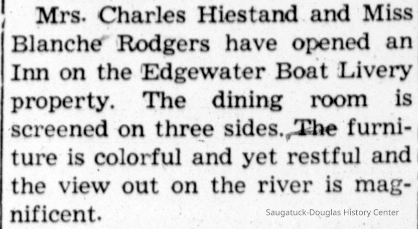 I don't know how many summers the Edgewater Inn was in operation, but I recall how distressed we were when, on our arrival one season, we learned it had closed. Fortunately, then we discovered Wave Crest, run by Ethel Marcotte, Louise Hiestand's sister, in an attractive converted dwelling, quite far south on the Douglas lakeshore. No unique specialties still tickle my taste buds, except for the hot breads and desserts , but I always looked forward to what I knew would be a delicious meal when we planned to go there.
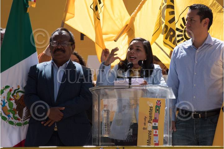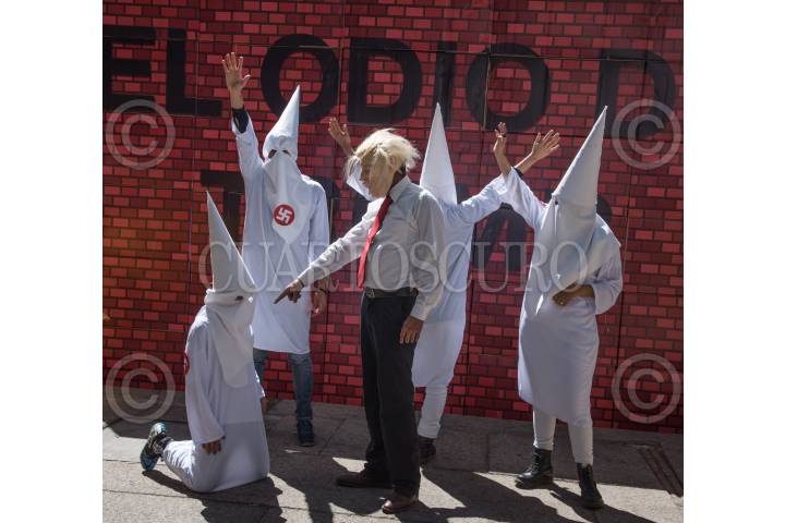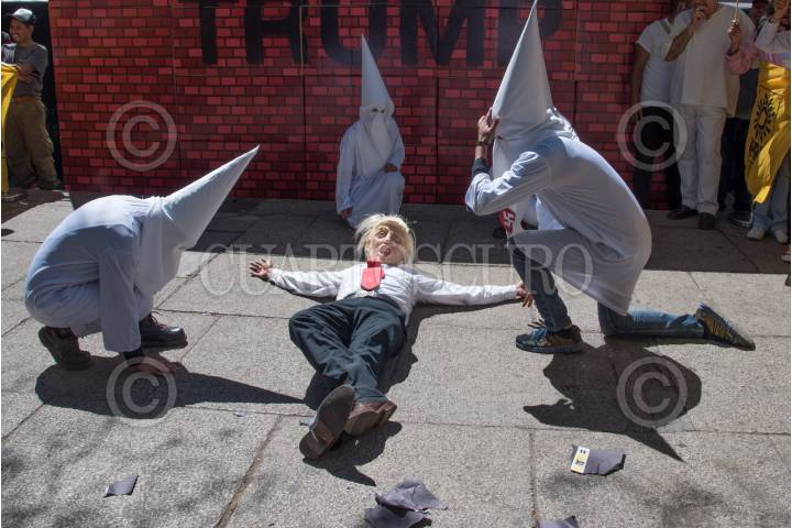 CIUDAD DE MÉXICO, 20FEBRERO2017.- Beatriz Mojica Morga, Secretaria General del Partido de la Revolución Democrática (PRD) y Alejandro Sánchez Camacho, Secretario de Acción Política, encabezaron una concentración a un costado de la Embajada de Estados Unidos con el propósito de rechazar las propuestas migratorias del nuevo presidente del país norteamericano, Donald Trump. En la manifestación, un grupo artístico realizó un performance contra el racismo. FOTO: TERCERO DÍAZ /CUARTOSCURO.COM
= = = =
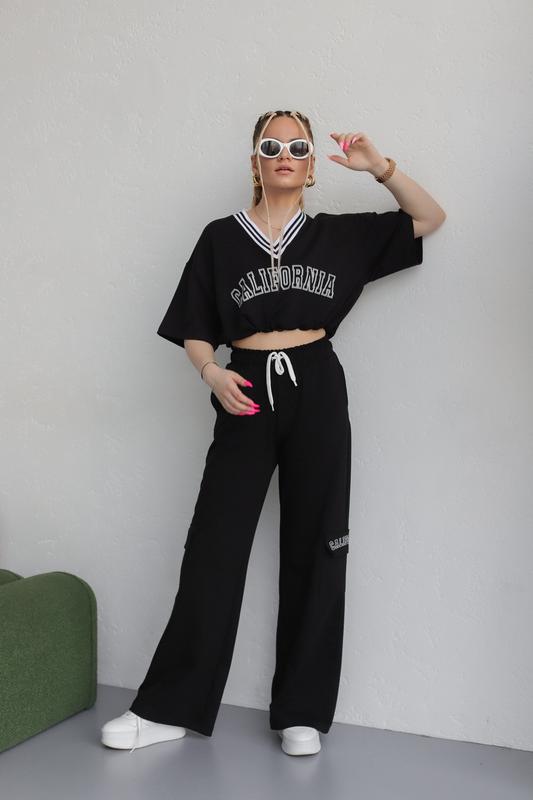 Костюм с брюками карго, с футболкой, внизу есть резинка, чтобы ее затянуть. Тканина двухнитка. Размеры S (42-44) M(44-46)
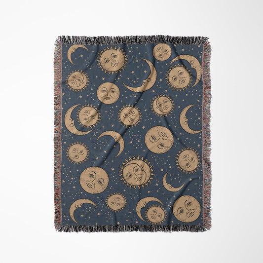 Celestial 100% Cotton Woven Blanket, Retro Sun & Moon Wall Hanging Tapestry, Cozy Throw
= = = =
**Exercise directions**: In the entries above, find the line with "Костюм с брюками" and the line with "Celestial 100% Cotton". Return exactly those lines and all the ones between them, pictures excluded.

**Task response**:
 Костюм с брюками карго, с футболкой, внизу есть резинка, чтобы ее затянуть. Тканина двухнитка. Размеры S (42-44) M(44-46)
 Celestial 100% Cotton Woven Blanket, Retro Sun & Moon Wall Hanging Tapestry, Cozy Throw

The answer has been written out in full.